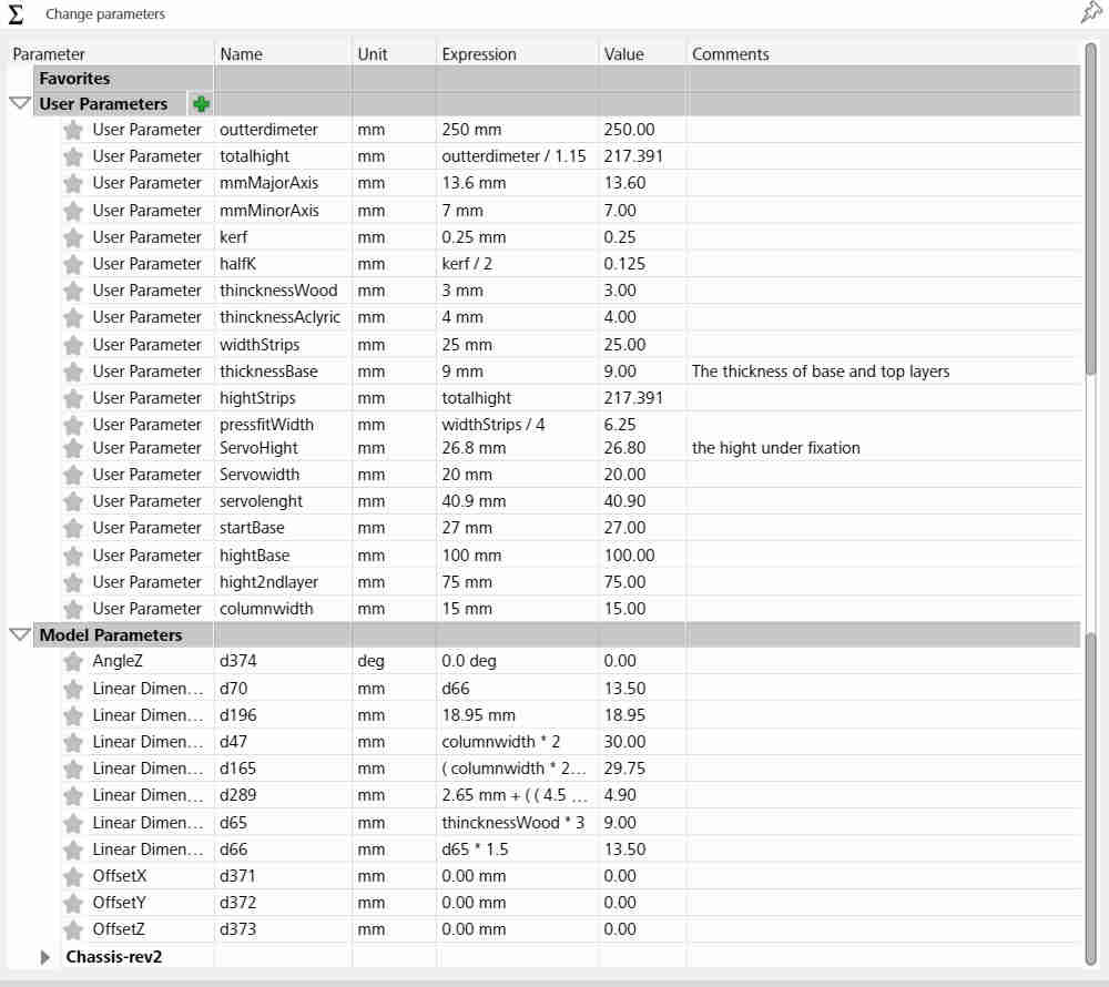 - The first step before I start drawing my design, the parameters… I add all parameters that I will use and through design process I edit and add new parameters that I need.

#####

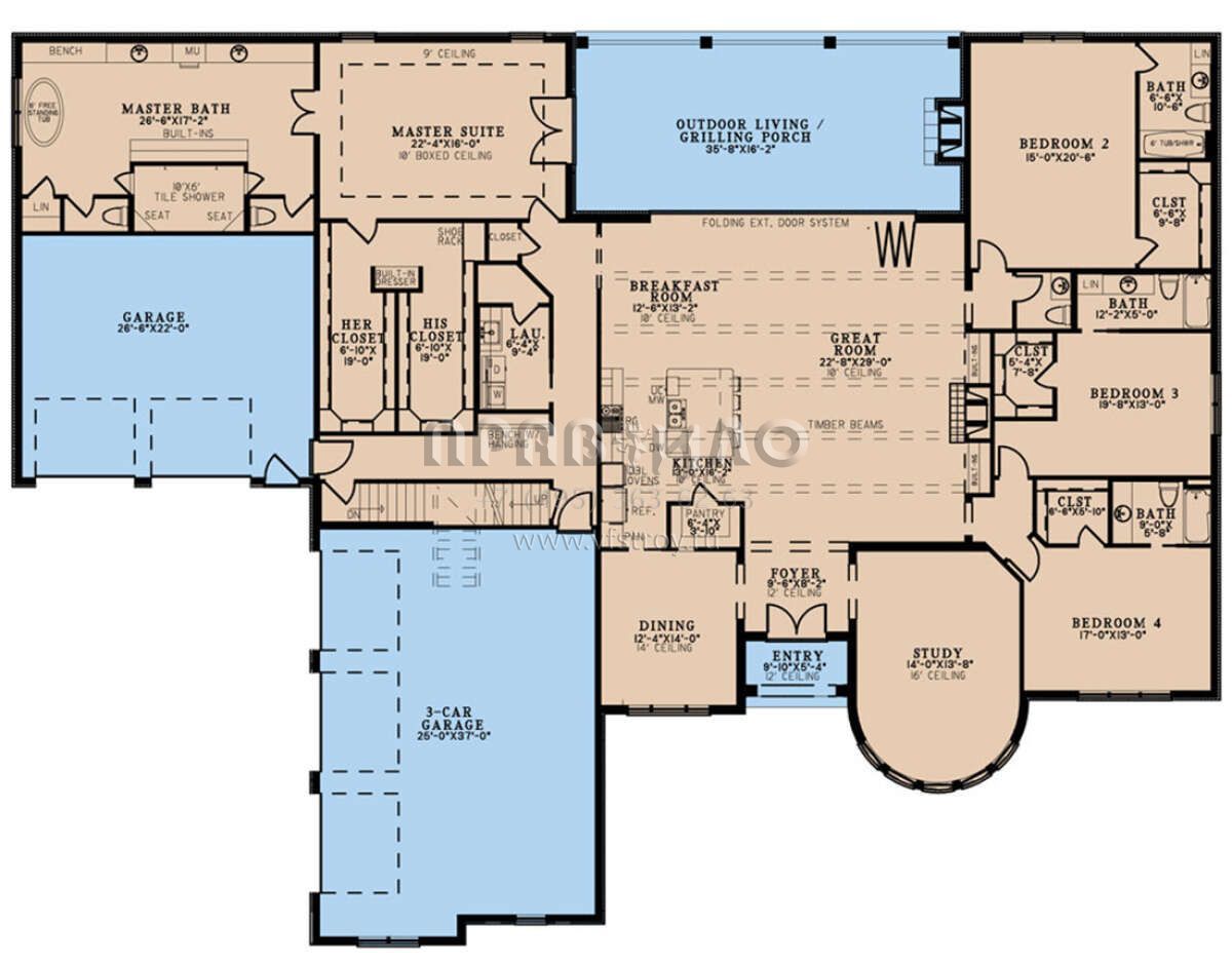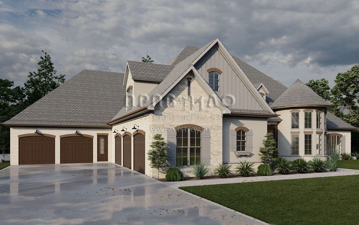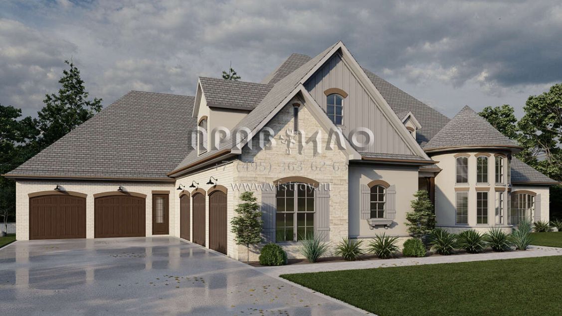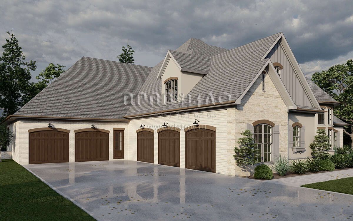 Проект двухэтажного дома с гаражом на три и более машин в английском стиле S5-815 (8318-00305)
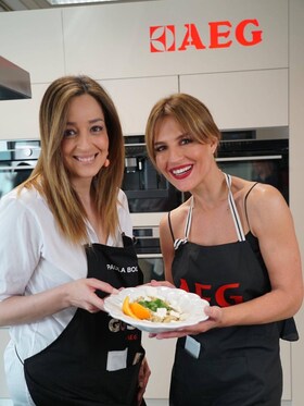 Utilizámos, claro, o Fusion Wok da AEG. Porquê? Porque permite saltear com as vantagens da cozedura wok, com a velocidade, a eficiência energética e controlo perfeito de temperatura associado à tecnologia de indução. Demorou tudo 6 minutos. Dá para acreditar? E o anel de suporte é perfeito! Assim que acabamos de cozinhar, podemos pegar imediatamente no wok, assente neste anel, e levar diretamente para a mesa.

#####

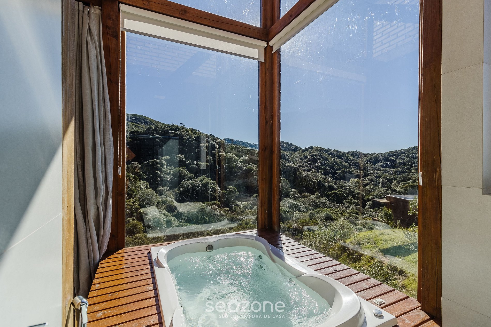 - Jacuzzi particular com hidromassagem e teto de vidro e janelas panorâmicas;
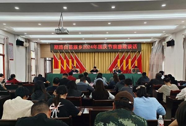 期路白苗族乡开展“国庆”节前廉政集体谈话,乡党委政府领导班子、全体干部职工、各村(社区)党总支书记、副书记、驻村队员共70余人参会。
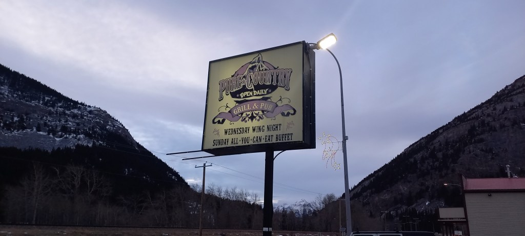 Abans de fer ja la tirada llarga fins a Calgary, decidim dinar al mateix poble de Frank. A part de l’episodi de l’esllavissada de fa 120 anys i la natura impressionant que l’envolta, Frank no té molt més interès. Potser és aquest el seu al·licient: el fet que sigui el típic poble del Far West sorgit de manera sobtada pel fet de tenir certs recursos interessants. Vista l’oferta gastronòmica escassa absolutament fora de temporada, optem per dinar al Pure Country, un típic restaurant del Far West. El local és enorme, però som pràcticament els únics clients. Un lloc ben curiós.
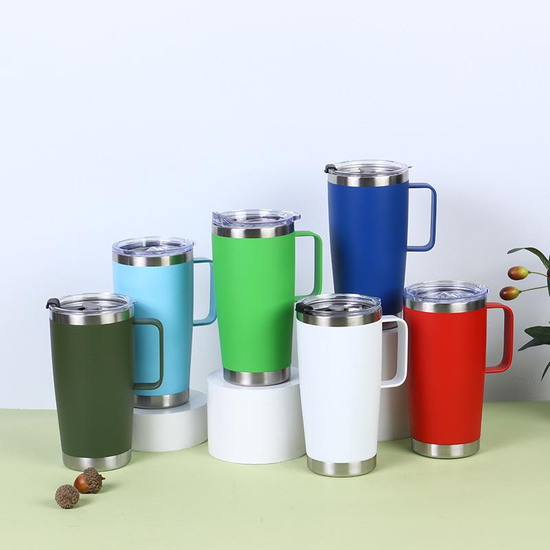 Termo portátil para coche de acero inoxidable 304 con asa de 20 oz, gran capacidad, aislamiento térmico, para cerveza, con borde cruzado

#####

- _What needs to be done_:
Quote the lines above exactly, starting with the one that has "- Jacuzzi particular" and ending with the one that has "Termo portátil para"; drop the pictures and include nothing else.

- _Response to the task_:
 - Jacuzzi particular com hidromassagem e teto de vidro e janelas panorâmicas;
 期路白苗族乡开展“国庆”节前廉政集体谈话,乡党委政府领导班子、全体干部职工、各村(社区)党总支书记、副书记、驻村队员共70余人参会。
 Abans de fer ja la tirada llarga fins a Calgary, decidim dinar al mateix poble de Frank. A part de l’episodi de l’esllavissada de fa 120 anys i la natura impressionant que l’envolta, Frank no té molt més interès. Potser és aquest el seu al·licient: el fet que sigui el típic poble del Far West sorgit de manera sobtada pel fet de tenir certs recursos interessants. Vista l’oferta gastronòmica escassa absolutament fora de temporada, optem per dinar al Pure Country, un típic restaurant del Far West. El local és enorme, però som pràcticament els únics clients. Un lloc ben curiós.
 Termo portátil para coche de acero inoxidable 304 con asa de 20 oz, gran capacidad, aislamiento térmico, para cerveza, con borde cruzado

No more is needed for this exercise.